Sun, Sep 23, 2012 - Page 3 News List

Teachers urged to wear black in classroom protest

TOUGH EDUCATION:Educators’ unions have said teacher-to-student ratios are too high, while wages remain too low for teachers nationwide

By Loa Iok-sin  /  Staff reporter

Teachers at a press conference organized by the National Federation of Teachers’ Unions in Taipei yesterday urge their colleagues to join a demonstration on Teachers’ Day on Friday to protest against what they say is the failure of President Ma Ying-jeou to fulfill promises he made to teachers.

Photo: Chen Yi-ching, Taipei Times

The National Federation of Teachers’ Unions (NFTU) yesterday urged all its members to join a protest against what it said was the failure of President Ma Ying-jeou (馬英九) to fulfill the promises he has made to teachers, by wearing black T-shirts on Teachers’ Day on Friday.

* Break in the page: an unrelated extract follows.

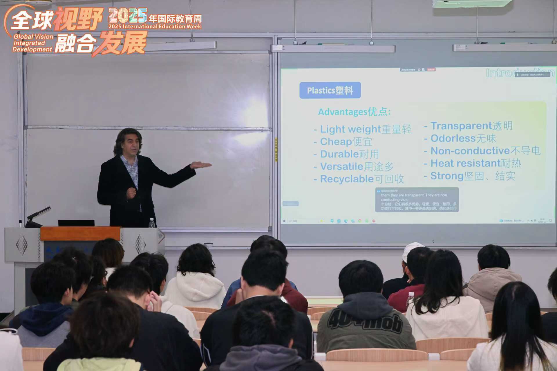 Ehsan教授从“什么是塑料”这一常见问题切入,巧妙结合眼镜、矿泉水瓶、衣物、水管等日常用品作为实例,生动阐释了多种聚合物的化学结构、特性及其广泛应用。他将复杂的材料科学知识转化为通俗易懂的语言,有效激发了同学们的求知兴趣,帮助听众对高分子材料建立起更为直观和深入的理解。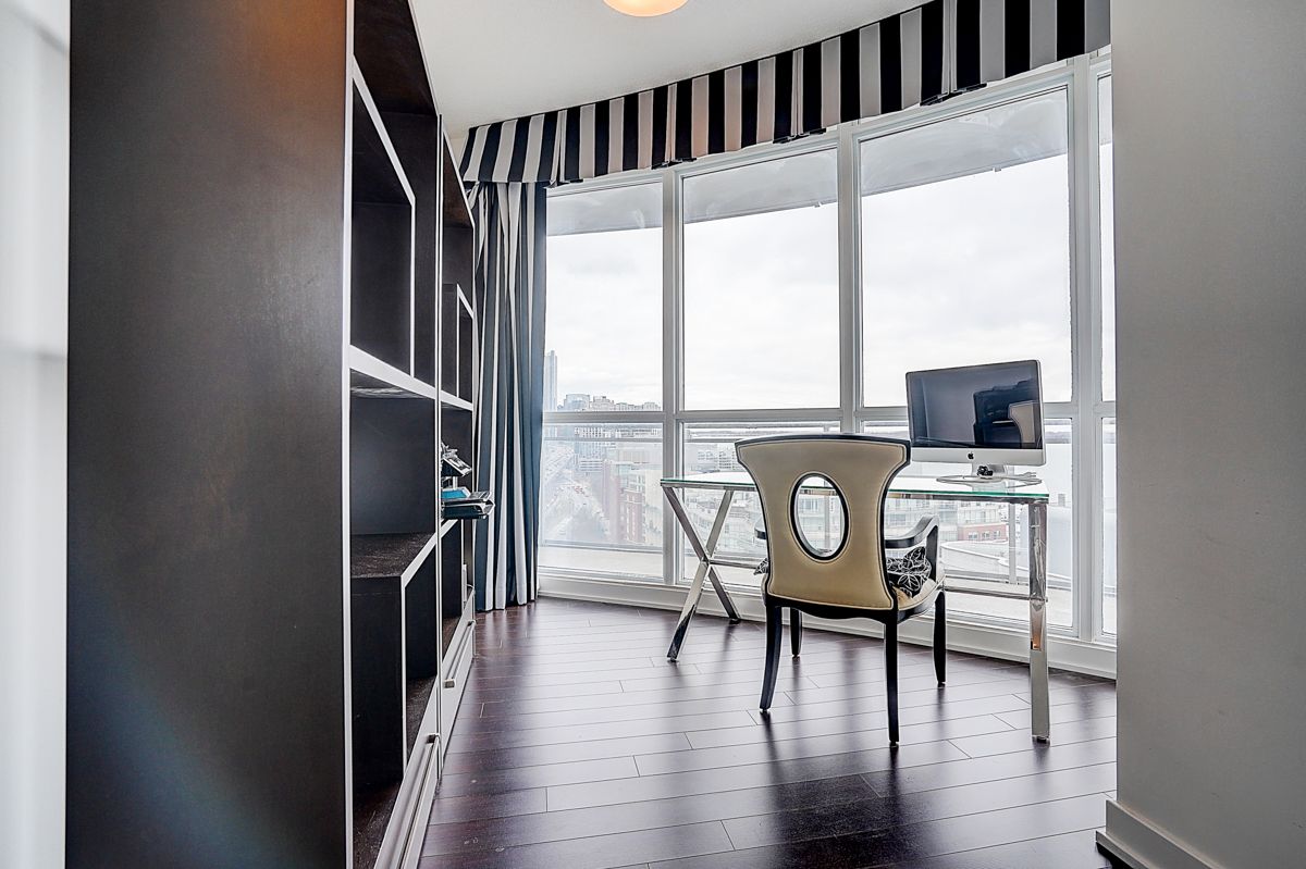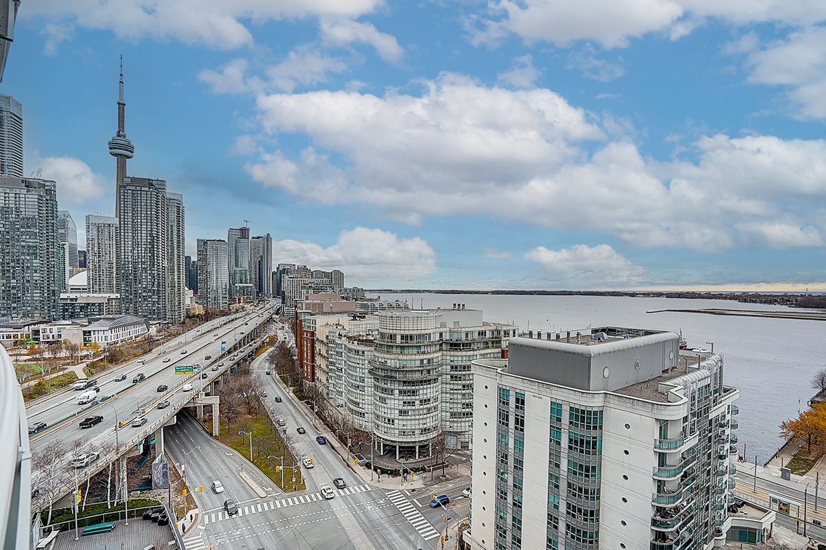 Very bright & unique 2+den, 2 bathroom corner suite offers unobstructed lake and city skyline views from every room, with a stunning wrap-around that perfect for morning coffees or evening sunsets. Bright and inviting with floor-to-ceiling windows, featuring a modern open-concept layout, two full bathrooms, and a versatile den that works perfectly as a home office or guest room. Along with million-dollar views, the building also offers great amenities, and with the waterfront, parks, transit, grocery stores, and downtown toronto's finest attractions right at your doorstep, this is truly a must-see condo that blends lifestyle, comfort, and convenience.

At a press conference held in Taipei yesterday, teachers from across the country held up guavas as they chanted slogans and called on Ma to fulfill the promises he made to the nation’s teachers, including increasing the education budget, shrinking class size and raising the fees paid to mentor teachers.

“We are eating the guavas as a symbolic gesture to consume the ‘guava checks’ issued by politicians,” NFTU president Liu Chin-hsu (劉欽旭) said. “We want to remind Ma that he’s breaching his own promises and is also breaking the trust that we have in him.”

“Guava check” is a common colloquial Taiwanese term to refer to bounced checks, as well as broken promises.

Liu called on all teachers nationwide to wear a black T-shirt on Friday, which is Teachers’ Day, as a sign of protest.

“Please explain to students or parents who are curious about our actions how the government has yet to honor its promises to us,” Liu said. “This is important not only for teachers, but also for students because it concerns their right to a decent education.”

NFTU deputy secretary-general Lo Te-shui (羅德水) said that when running for president in 2008, Ma promised to increase the annual education budget to NT$24 billion (US$818 million) and to reduce class sizes in elementary schools to 25 students per class.

Ma also promised in 2010 to grant private school teachers the same levels of subsidies and pension rights as their government school counterparts, and last year promised to improve teacher-to-class ratios as well as increasing the fees paid to mentor teachers, while also promising in May to install energy-saving lighting equipment in all classrooms, but has failed to deliver, Lo said.

“We call on all our colleagues to join the protest on Teachers’ Day, because it’s a day that belongs to all teachers and it’s the appropriate time for us to show our solidarity and our concerns for education quality,” he said.